Task: Since the copy must hold text only, transcribe the data below exactly and omit the images.

Data shown:
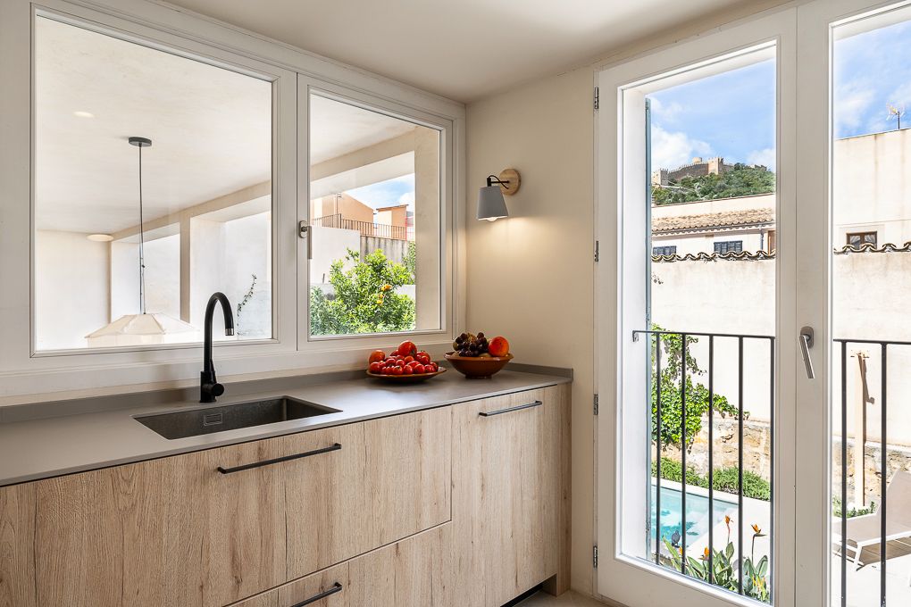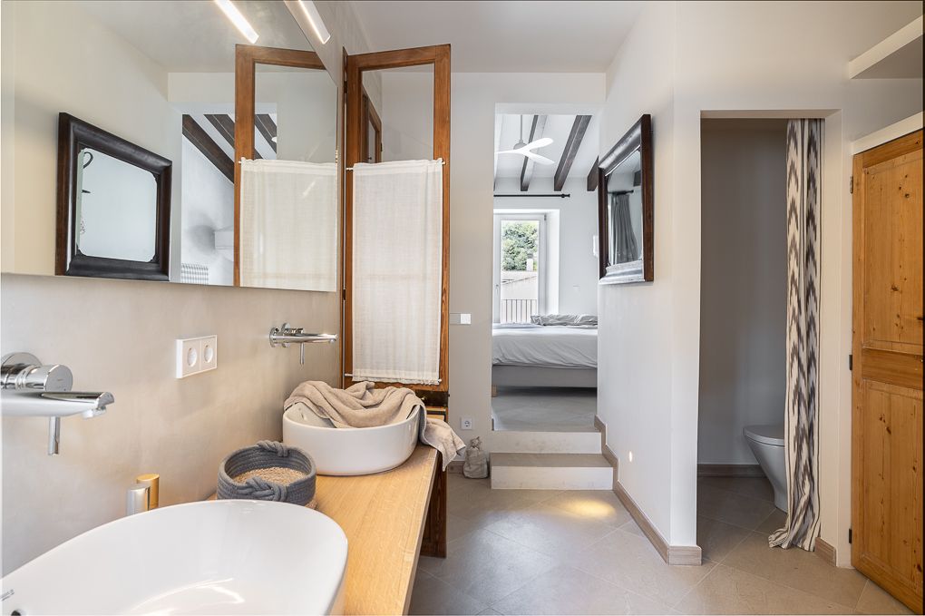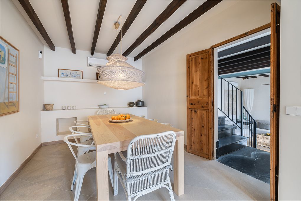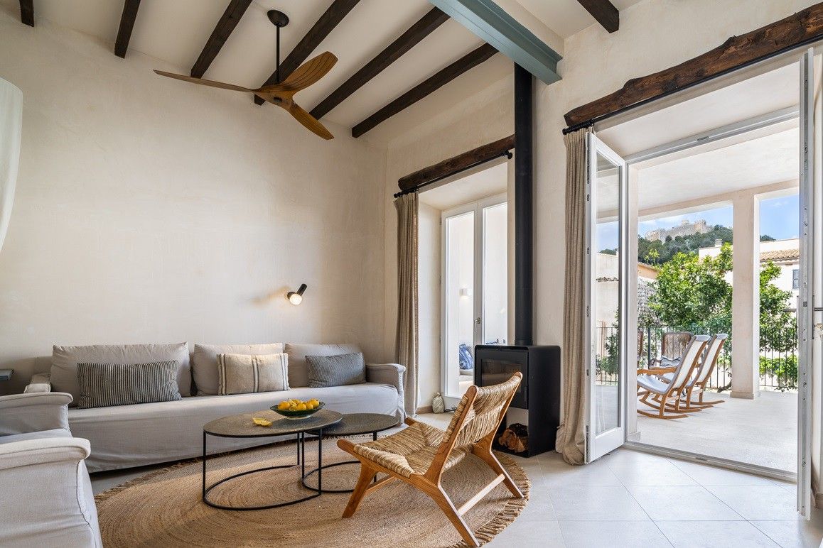 Esta hermosa casa de pueblo en el corazón del fascinante pueblo de Capdepera fue construida en 1957 y completamente renovada y amueblada con gusto en 2022 utilizando materiales de alta calidad. El nuevo diseño de la casa también ha sido reconocido por su publicación en una revista de interiorismo. La casa consta de planta baja, entresuelo, planta superior y una bodega muy espaciosa y característica. La puerta de entrada conduce a la planta baja, que presenta una distribución armoniosa y pensada hasta el último detalle: un dormitorio con baño en suite, un lavadero, un aseo de invitados y un salón con chimenea y acceso al acogedor porche cubierto con vistas al jardín con la piscina de 16 m² con fuente de agua y al castillo medieval de Capdepera. Subiendo las escaleras, se encuentra el comedor en el nivel intermedio y una cocina moderna y luminosa con vistas al porche, al jardín y al castillo. En la planta superior hay una sala galería, la suite principal y dos dormitorios más que comparten un cuarto de baño. La sala de la galería, la suite principal y un dormitorio tienen acceso a la gran terraza de la azotea con vistas al castillo y una magnífica vista panorámica sobre Capdepera y Cala Ratjada hasta el mar; y en días claros incluso hasta la vecina isla de Menorca. El moderno equipamiento de la casa, muy eficiente energéticamente, incluye una bomba de calor de aire para hacer funcionar el aire acondicionado f/c y para calentar el agua, así como un sistema fotovoltaico. Dos chimeneas proporcionan un calor acogedor en los meses más fríos. Una casa que ofrece un ambiente de relajación y tranquilidad, ideal tanto como casa de vacaciones como para residir todo el año.
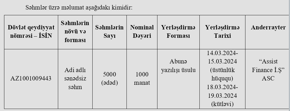 Yerləşdirmə uğurla yekunlaşarsa Bankın nizamnamə kapital 71 milyon 450 min manata yüksələcəkdir.
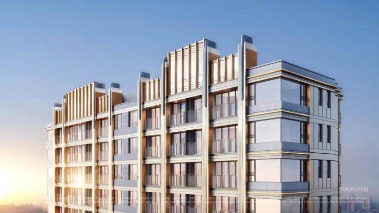 项目立面风格溯源外滩万国建筑群,武康大楼,石库门等经典造型,抽取建筑造型及经典几何纹样,用现代手法进行演绎。住宅采用新海派风格:高层住宅保留经典三段式比例:基座贝金米黄的温润肌理,塔身竖向金属几何线条的挺拔贵气,塔冠透光云石的浪漫柔和,搭配大面积的玻璃,打造光韵的建筑立面。多层洋房立面采用坡屋顶造型,转译经典石库门建筑当中阁楼老虎窗的元素符号,打造独特且具有上海文化内涵的江畔洋房。

Answer to this exercise:
 Esta hermosa casa de pueblo en el corazón del fascinante pueblo de Capdepera fue construida en 1957 y completamente renovada y amueblada con gusto en 2022 utilizando materiales de alta calidad. El nuevo diseño de la casa también ha sido reconocido por su publicación en una revista de interiorismo. La casa consta de planta baja, entresuelo, planta superior y una bodega muy espaciosa y característica. La puerta de entrada conduce a la planta baja, que presenta una distribución armoniosa y pensada hasta el último detalle: un dormitorio con baño en suite, un lavadero, un aseo de invitados y un salón con chimenea y acceso al acogedor porche cubierto con vistas al jardín con la piscina de 16 m² con fuente de agua y al castillo medieval de Capdepera. Subiendo las escaleras, se encuentra el comedor en el nivel intermedio y una cocina moderna y luminosa con vistas al porche, al jardín y al castillo. En la planta superior hay una sala galería, la suite principal y dos dormitorios más que comparten un cuarto de baño. La sala de la galería, la suite principal y un dormitorio tienen acceso a la gran terraza de la azotea con vistas al castillo y una magnífica vista panorámica sobre Capdepera y Cala Ratjada hasta el mar; y en días claros incluso hasta la vecina isla de Menorca. El moderno equipamiento de la casa, muy eficiente energéticamente, incluye una bomba de calor de aire para hacer funcionar el aire acondicionado f/c y para calentar el agua, así como un sistema fotovoltaico. Dos chimeneas proporcionan un calor acogedor en los meses más fríos. Una casa que ofrece un ambiente de relajación y tranquilidad, ideal tanto como casa de vacaciones como para residir todo el año.
 Yerləşdirmə uğurla yekunlaşarsa Bankın nizamnamə kapital 71 milyon 450 min manata yüksələcəkdir.
 项目立面风格溯源外滩万国建筑群,武康大楼,石库门等经典造型,抽取建筑造型及经典几何纹样,用现代手法进行演绎。住宅采用新海派风格:高层住宅保留经典三段式比例:基座贝金米黄的温润肌理,塔身竖向金属几何线条的挺拔贵气,塔冠透光云石的浪漫柔和,搭配大面积的玻璃,打造光韵的建筑立面。多层洋房立面采用坡屋顶造型,转译经典石库门建筑当中阁楼老虎窗的元素符号,打造独特且具有上海文化内涵的江畔洋房。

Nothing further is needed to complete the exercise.